- WHAT YOU HAVE TO DO -
With all pictures excluded, restate the records that follow exactly as written.

[Opening DATA SHOWN section]

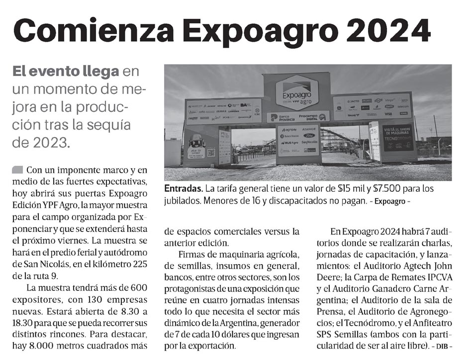 Comienza Expoagro 2024El evento llega en un momento de mejora en la producción tras la sequía de 2023.2 Con un imponente marco y en medio de las fuertes expectativas, hoy abrirá sus puertas Expoagro Edición YPF Agro, la mayor muestra para el campo organizada por Ex Ponenciar y que se extenderá hasta el próximo viernes. La muestra se hará en el predio ferial y autódromo de San Nicolás, en el kilómetro 225 de la ruta 9.La muestra tendrá más de 600 expositores, con 130 empresas nuevas, Estará abierta de 8.30 a 18.30 para que se pueda recorrer sus distintos rincones. Para destacar, hay 8.000 metros cuadrados másEntradas. La tarifa general tiene un valor de $15 mil y 57.500 para loubilados. Menores de 16 y discapacitados no pagan. – Expoagro -de espacios comerciales versus la anterior edición.Firmas de maquinaria agrícola, de semillas, insumos en general, bancos, entre otros sectores, son los protagonistas de una exposición que reúne en cuatro jornadas intensas todo lo que necesita el sector más dinámico de la Argentina, generador de7 de cada 10 dólares que ingresan por la exportación.EnExpoagro 2024 habrá7 auditorios donde se realizarán charlas, jornadas de capacitación, y lanzamientos: el Auditorio Agtech John Deere; la Carpa de Remates IPCVA y el Auditorio Ganadero Carne Ar gentina; el Auditorio de la sala de Prensa, el Auditorio de Agronegocios; el Tecnódromo, y el Anfiteatro SPS Semillas (ambos con la partiCularidad de ser al aire libre). – DIB
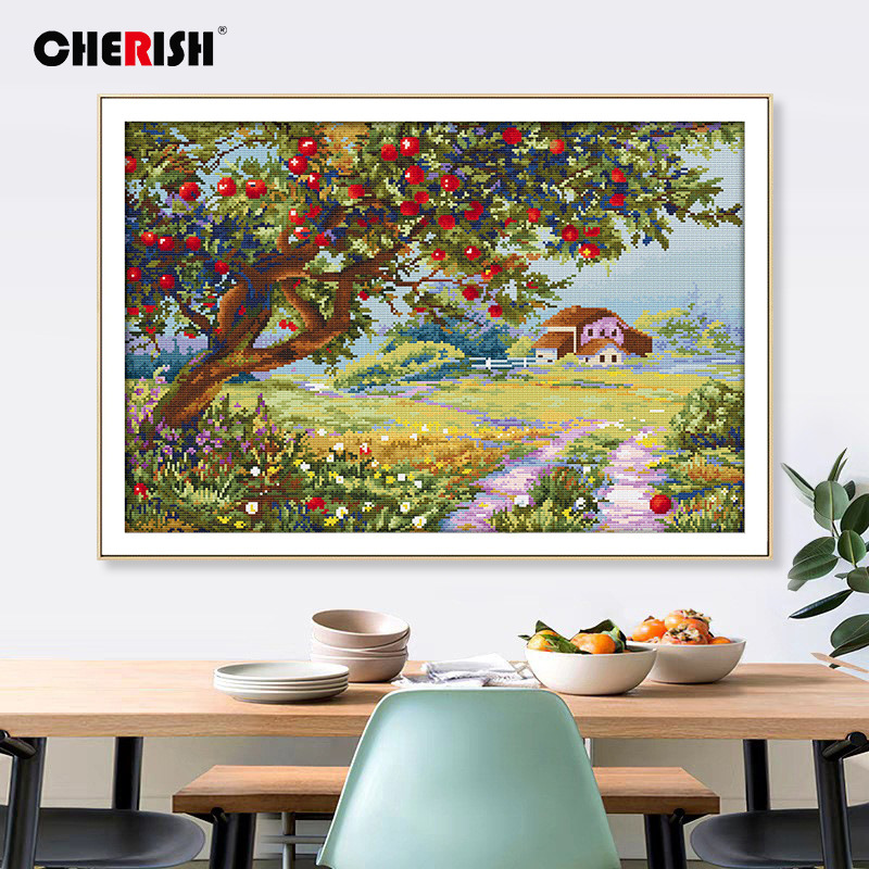 十字刺繍を大切にする新型2025年に爆発したリンゴの木の油化風景客間寝室の手作りdiy刺繍
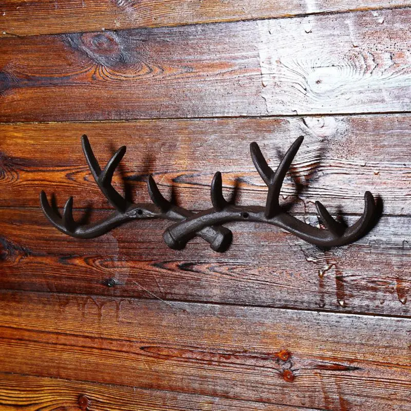 Вешалка с крючками, 1 шт., настенная, декоративная, из чугуна, с оленьими рогами, настенные крючки для пальто, полотенца, шляпы, ключей
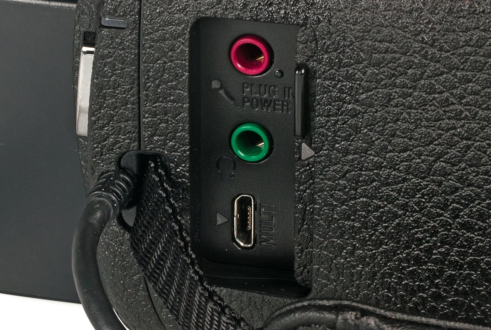 Auf der linken Seite (von der Linse aus) findest du, ebenfalls durch eine Schiebeabdeckung geschützt, den Mikrofon-Eingang, einen Audioausgang für Standard-3,5-mm-Stecker und einen MicroUSB-Multistecker. Außerdem ist hier die NFC-Schnittstelle untergebracht. Der FDR-AXP33 beherrscht nämlich auch Drahtlosverbindungen via WiFi und per NFC ist die Verbindung zu einem NFC-kompatiblen Smartphone in Sekundenschnelle hergestellt.
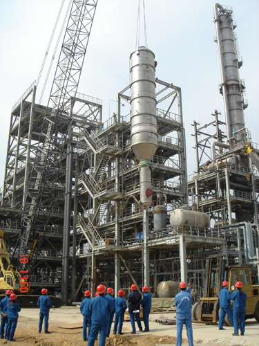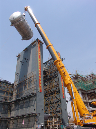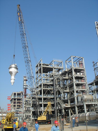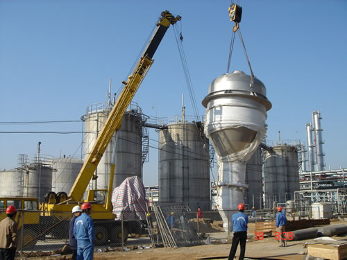新浦化学(泰兴)有限公司20万吨年氯乙烯项目部 五期年产5万吨苯胺,流化床反应器双机抬吊,变幅竖立
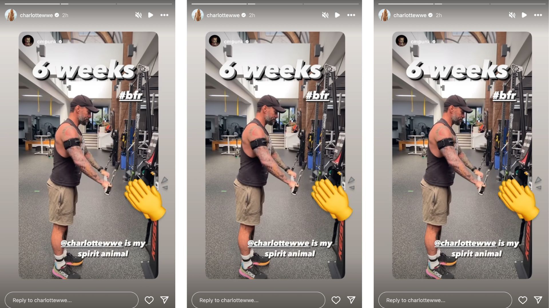 Punk took to social media today to share a video of himself working out six weeks following his surgery. He noted that Charlotte Flair was his spirit animal in the post on his Instagram story. Charlotte Flair reacted to the Straight Edge Superstar's message on her Instagram story and added a clapping emoji, as seen in the image below.
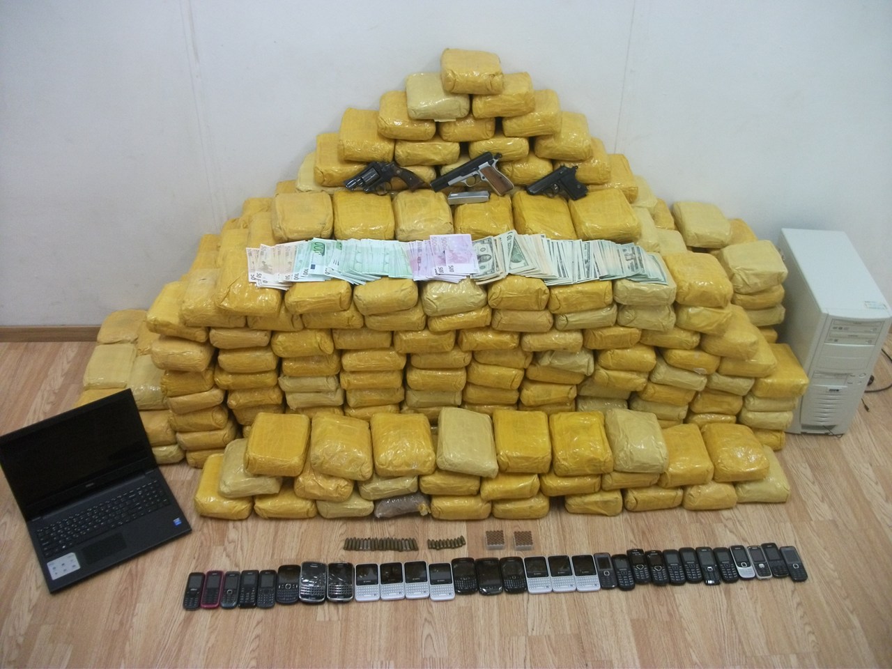 (Υπόθεση σε αποθηκευτικό χώρο στις Αφίδνες Αττικής, συνελήφθησαν επτά Έλληνες, ενώ κατασχέθηκαν 1.669.209,5 γραμμάρια ακατέργαστης κάνναβης. Οι συλληφθέντες ανήκαν σε εγκληματική οργάνωση η οποία δραστηριοποιούνταν στην αποθήκευση, συσκευασία, τυποποίηση και μεταφορά με φορτηγά οχήματα (διεθνών μεταφορών) μεγάλων ποσοτήτων ακατέργαστης κάνναβης σε χώρες της Δυτικής Ευρώπης, προερχόμενων από Αλβανία)

[Closing DATA SHOWN section]

- THE ANSWER -
 Comienza Expoagro 2024El evento llega en un momento de mejora en la producción tras la sequía de 2023.2 Con un imponente marco y en medio de las fuertes expectativas, hoy abrirá sus puertas Expoagro Edición YPF Agro, la mayor muestra para el campo organizada por Ex Ponenciar y que se extenderá hasta el próximo viernes. La muestra se hará en el predio ferial y autódromo de San Nicolás, en el kilómetro 225 de la ruta 9.La muestra tendrá más de 600 expositores, con 130 empresas nuevas, Estará abierta de 8.30 a 18.30 para que se pueda recorrer sus distintos rincones. Para destacar, hay 8.000 metros cuadrados másEntradas. La tarifa general tiene un valor de $15 mil y 57.500 para loubilados. Menores de 16 y discapacitados no pagan. – Expoagro -de espacios comerciales versus la anterior edición.Firmas de maquinaria agrícola, de semillas, insumos en general, bancos, entre otros sectores, son los protagonistas de una exposición que reúne en cuatro jornadas intensas todo lo que necesita el sector más dinámico de la Argentina, generador de7 de cada 10 dólares que ingresan por la exportación.EnExpoagro 2024 habrá7 auditorios donde se realizarán charlas, jornadas de capacitación, y lanzamientos: el Auditorio Agtech John Deere; la Carpa de Remates IPCVA y el Auditorio Ganadero Carne Ar gentina; el Auditorio de la sala de Prensa, el Auditorio de Agronegocios; el Tecnódromo, y el Anfiteatro SPS Semillas (ambos con la partiCularidad de ser al aire libre). – DIB
 十字刺繍を大切にする新型2025年に爆発したリンゴの木の油化風景客間寝室の手作りdiy刺繍
 Вешалка с крючками, 1 шт., настенная, декоративная, из чугуна, с оленьими рогами, настенные крючки для пальто, полотенца, шляпы, ключей
 Auf der linken Seite (von der Linse aus) findest du, ebenfalls durch eine Schiebeabdeckung geschützt, den Mikrofon-Eingang, einen Audioausgang für Standard-3,5-mm-Stecker und einen MicroUSB-Multistecker. Außerdem ist hier die NFC-Schnittstelle untergebracht. Der FDR-AXP33 beherrscht nämlich auch Drahtlosverbindungen via WiFi und per NFC ist die Verbindung zu einem NFC-kompatiblen Smartphone in Sekundenschnelle hergestellt.
新浦化学(泰兴)有限公司20万吨年氯乙烯项目部 五期年产5万吨苯胺,流化床反应器双机抬吊,变幅竖立
 Punk took to social media today to share a video of himself working out six weeks following his surgery. He noted that Charlotte Flair was his spirit animal in the post on his Instagram story. Charlotte Flair reacted to the Straight Edge Superstar's message on her Instagram story and added a clapping emoji, as seen in the image below.
 (Υπόθεση σε αποθηκευτικό χώρο στις Αφίδνες Αττικής, συνελήφθησαν επτά Έλληνες, ενώ κατασχέθηκαν 1.669.209,5 γραμμάρια ακατέργαστης κάνναβης. Οι συλληφθέντες ανήκαν σε εγκληματική οργάνωση η οποία δραστηριοποιούνταν στην αποθήκευση, συσκευασία, τυποποίηση και μεταφορά με φορτηγά οχήματα (διεθνών μεταφορών) μεγάλων ποσοτήτων ακατέργαστης κάνναβης σε χώρες της Δυτικής Ευρώπης, προερχόμενων από Αλβανία)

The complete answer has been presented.